After a serious google search, I have been unable to find a definite yes/no answer to the following question.
Assume I have c, e and m, and I compute $r = c ^ e \mod m$
This is with regard to the discrete-logarithm problem. My understanding is that revealing r and c does not compromise e, but what about revealing m?
I know enough about cryptography to know that I should never assume anything, thus my reason for asking.
It looks like you are talking about public-key cryptography. For RSA, $e$ and $m$ are the public keys for the recipient; $c$ is the message to be encrypted and presumably is private to the sender, while $r$ is the encrypted message that is presumed to be open to interception. The secret decrypt value is $d:= e^{-1} \bmod$ $\lambda(m)$, which is hard to discover since $m$ is a number that is chosen to be hard to factorize - the product of two large primes.

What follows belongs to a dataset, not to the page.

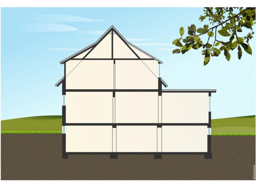 Das ursprüngliche Gebäude aus dem Jahr 1952 wurde 1972 um einen Anbau erweitert und verfügt über ein solides Untergeschoss, eine Erdgeschosswohnung mit Balkon und eine Dachgeschosswohnung mit großer Dachterrasse. Der gepflegte Garten mit einem Gartenhaus lädt zum Entspannen ein und bietet Raum für individuelle Gestaltungsmöglichkeiten.
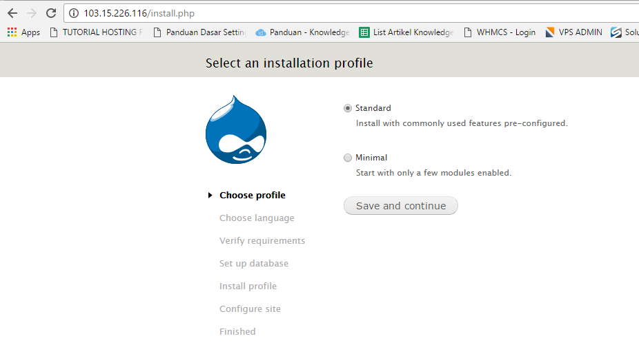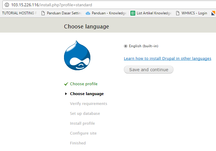 Server Anda sekarang dikonfigurasi dengan benar untuk menjalankan instalasi berbasis web dengan cara berikut: http://server_domain_or_IPAnda akan melihat halaman awal prosedur instalasi Drupal. Pilih instalasi standar.

Even knowing all of $r$ and $c$ for a set of messages (and given that $e$ and $m$ are public anyway), the decrypt key value of $d$ is still secure by the size of the numbers involved.
One of the interesting tricks is to send a message encrypted with your own key but using the decrypt exponent $d$ instead of the public encrpyt $e$. Then anyone can decrypt it but it can only have come from you. Then wrapping this message (suitably tagged) in someone else's public key means only they can read it, and they know that only you could have sent it.